By Joseph Dempsey, Oct 29 2014 6:25PM
We all handle mental health problems differently. Some of us seek counselling, others try to put a brave face on things. For many more, depression proves to be a challenging obstacle to overcome, the recovery from which likely to take time, energy and work.
For illustrator James Osborn, that is particularly true. James has been working through his illness by creating a series of comic strips that convey a number of issues, from listlessness and apathy through to mania and isolation. Central to his unique sketches is Nanook, an amorphous polar bear dealing with the various issues that come with having a mental illness.
I asked James about Nanook, the creative processes behind its creation, and discovered how the sketches can help educate those looking to gain a more comprehensive understanding of mental health problems. And, in the month we celebrated World Mental Health Day, I asked, is depression still a stigma in today’s society?
1. How did you come up with the idea for 'Nanook the Bipolar bear?
It was during a conversation, I can’t remember who with, but we were saying it would be good if there was a way for me to deal with having Bipolar through Illustration, which is one of my main passions. I love play on words and puns so very quickly the Bipolarbear was created. I then set about learning as much as I could about Polar Bears, mental illness, and the North Pole. The name Nanook translated roughly from one of the Inuit languages as 'of the north'. Many countries around the North Pole (e.g. Russia, Iceland and many of the Scandinavian countries) have similar words meaning roughly the same thing. I chose it because it sounded cool when I said it out loud. There are legends all through the colder regions to the north of a giant Polar Bear god, and an expedition team actually found some skeletons that were much larger than normal Polar Bears. It’s really interesting if a little off topic.
2. What creative processes do you go through in creating the comic strip?
Well when I started I was at uni and together with my tutors we came up with briefs for the first four. We started with an aspect of Bipolar Affective Disorder that is misunderstood or even unknown and trying to communicate it in a way that connects with people. I've carried on with that process since. It’s like I see a gap so I fill it. Then aesthetically I wanted to used pill packaging because medication in one of the hardest things for someone with any kind of depression to adjust too. I feel a need to represent my message with the aesthetics as well as the story line.

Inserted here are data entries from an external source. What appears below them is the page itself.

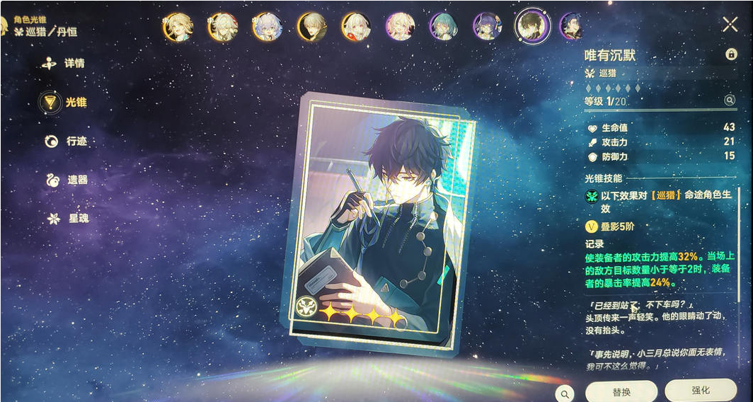 四星光锥里唯有沉默是泛用性较高的选择。攻击力加成简单粗暴,面对单个精英怪时还能激活暴击率提升效果。虽然对群环境会打折扣,但在BOSS战中表现稳定,精炼满阶后提供的数值相当可观。过渡期如果抽到高精论剑也可以考虑,但对输出环境要求比较苛刻,需要全程锁定单一目标。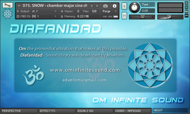 ॐ DIAFANIDAD is a new KONTAKT library, specially designed acoustically and digitally with (8) amazing instruments to inspire and recreate fantastic compositions. Samples with great sound quality and light and fast loading, allow to add a greater number of instruments without consuming too many resources. With an intuitive and easy-to-use interface, it has the necessary tools for musicians, experts or beginners so they can customize instruments with fabulous sounds. LIBRARY SPECS: • 8 sample libraries with 1.88GB installed and a total of 575 files. • 494 NCW samples with Stereo audio and depth 24 Bit / 44.100Hz. • 27 IRC Convolution environments to create impressive real spaces. • Keyboard with 72 notes and partition for main Chords application. • ADSR modules and LP and HP filters. Effects Console & Arpeggiator. • 72 files Presets NKI Natives Ins, parameterized for each Instrument. • Switches to apply Compression, Cinema, Dual Voice and Portamento. • 3-Band Equalizer and Switches for new Effects and audio processes. REQUIREMENTS: • Windows 10, macOS 10.9 or later. • Core Intel I3 or AMD Ryzen 3 or higher. • 10 GB of minimum hard disk capacity. • 8 GB RAM memory, 16 GB recommended. • Native Instruments Full Kontakt version 6.3.1 • Too much Creativity and Inspiration.😊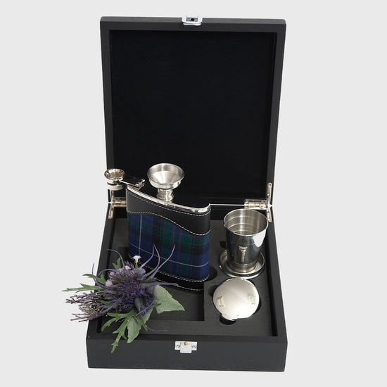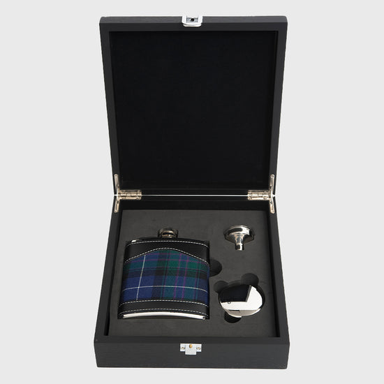 Celebrate tradition with this Highland Pride tartan hip flask gift set. The stainless steel flask, funnel, and collapsible cup are neatly presented in a black wood-effect box — a stylish and practical tribute to Scotland’s heritage.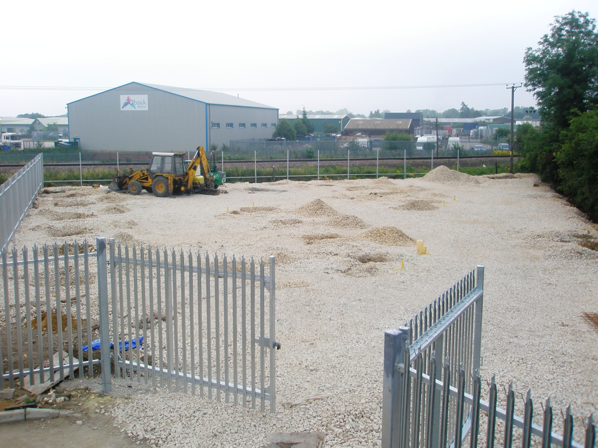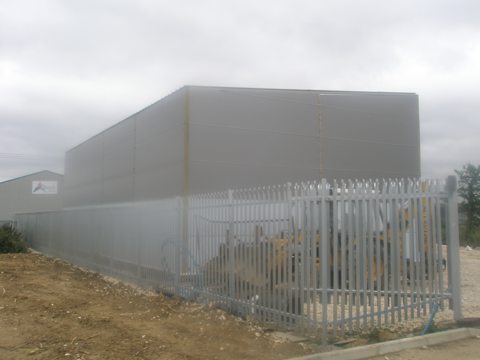 Perimeter fencing and secure entrance gates integrated to match the industrial estate setting.
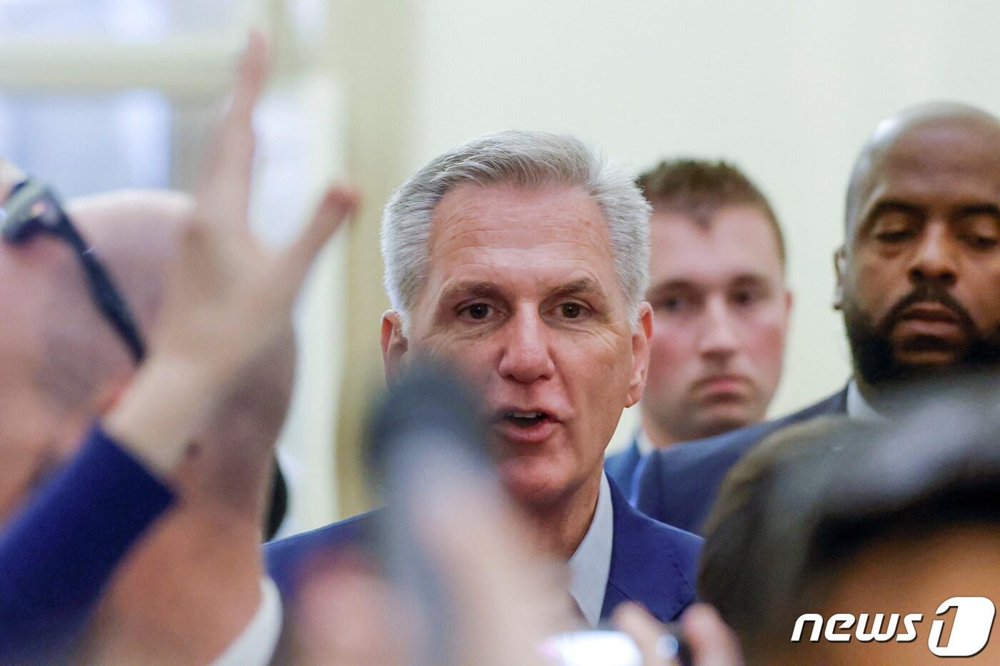 케빈 매카시 하원의장이 26일(현지시간) 부채 한도 협상을 진행한 뒤 기자회견을 실시하고 있다. 2023.05.26. ⓒ 로이터=뉴스1 ⓒ News1 정윤영 기자

3. What do you hope to achieve from the comic strip?
It started because I wanted to deal with things myself and get to know the illness. Things very quickly it became about education, humour, and communication. My aim is to help those with mental health issues as well as educating others.
4. Some of your comics are quite humorous, like the see-saw sketch. Does creating a fictional character help with your mood?
Humour is essential without jokes and puns it’s very easy to give up. It’s also good science. Bipolar is caused by a chemical imbalance in the brain laughter releases some of the chemicals that the bipolar brain is short on. However I chose to use humour because it’s one of the most effective ways to communicate and educate (something I think 99 percent of school teachers forget). I was inspired by newspaper comics like Garfield with its dry kind of humour. As for the see-saw sketch, everyone love a bit of slapstick every so often.
5. How do you feel mental health issues are treated in today's society? Is it still a stigma, or do people have more compassion and understanding than they used to?
I think it depends on your immediate social group or family. I know my ex's Dad believed I should keep it a secret and not tell anyone but a lot of my friends are really open about their mental illness. In the social group I was part of at uni I was accepted and I wasn't treated with any disrespect. I know some people have been treated very badly and I myself have known occasions when my opinion has been discounted because I have a mental illness. There are a large amount of backward groups in society that unfortunately can’t seem to accept others for who they are. I find often in my experience that discrimination against those of us with mental health problems is interlinked with racism and homophobia. It’s usually groups who can’t accept anyone who is different from themselves that don't accept those with depression etc. (In my experience). I like to hope my generation will change that.